(Records from a data source)
━━━━━━━━━━
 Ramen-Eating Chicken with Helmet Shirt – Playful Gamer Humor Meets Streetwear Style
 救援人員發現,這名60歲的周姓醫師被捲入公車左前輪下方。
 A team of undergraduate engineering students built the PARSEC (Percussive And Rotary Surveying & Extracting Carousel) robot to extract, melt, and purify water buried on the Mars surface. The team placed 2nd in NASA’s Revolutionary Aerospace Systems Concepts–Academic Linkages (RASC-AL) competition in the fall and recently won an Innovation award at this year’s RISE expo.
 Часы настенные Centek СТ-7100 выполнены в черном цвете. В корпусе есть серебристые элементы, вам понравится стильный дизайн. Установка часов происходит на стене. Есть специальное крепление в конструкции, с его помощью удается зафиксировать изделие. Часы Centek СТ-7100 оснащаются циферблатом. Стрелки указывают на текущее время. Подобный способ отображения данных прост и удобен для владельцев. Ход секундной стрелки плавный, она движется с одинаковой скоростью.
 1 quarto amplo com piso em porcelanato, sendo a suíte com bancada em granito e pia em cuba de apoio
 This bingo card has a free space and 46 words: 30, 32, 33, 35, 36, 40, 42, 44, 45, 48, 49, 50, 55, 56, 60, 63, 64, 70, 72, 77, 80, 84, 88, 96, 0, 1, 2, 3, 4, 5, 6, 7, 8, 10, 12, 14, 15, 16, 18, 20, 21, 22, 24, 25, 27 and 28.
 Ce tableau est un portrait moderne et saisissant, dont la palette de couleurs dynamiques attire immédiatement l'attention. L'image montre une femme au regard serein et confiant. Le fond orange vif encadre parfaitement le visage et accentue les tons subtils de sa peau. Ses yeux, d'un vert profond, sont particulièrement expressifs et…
━━━━━━━━━━
## PROBLEM:
Please return exactly the lines from the opening line of the data above through the line with "1 quarto amplo", both included and nothing else.

## THE ANSWER:
 Ramen-Eating Chicken with Helmet Shirt – Playful Gamer Humor Meets Streetwear Style
 救援人員發現,這名60歲的周姓醫師被捲入公車左前輪下方。
 A team of undergraduate engineering students built the PARSEC (Percussive And Rotary Surveying & Extracting Carousel) robot to extract, melt, and purify water buried on the Mars surface. The team placed 2nd in NASA’s Revolutionary Aerospace Systems Concepts–Academic Linkages (RASC-AL) competition in the fall and recently won an Innovation award at this year’s RISE expo.
 Часы настенные Centek СТ-7100 выполнены в черном цвете. В корпусе есть серебристые элементы, вам понравится стильный дизайн. Установка часов происходит на стене. Есть специальное крепление в конструкции, с его помощью удается зафиксировать изделие. Часы Centek СТ-7100 оснащаются циферблатом. Стрелки указывают на текущее время. Подобный способ отображения данных прост и удобен для владельцев. Ход секундной стрелки плавный, она движется с одинаковой скоростью.
 1 quarto amplo com piso em porcelanato, sendo a suíte com bancada em granito e pia em cuba de apoio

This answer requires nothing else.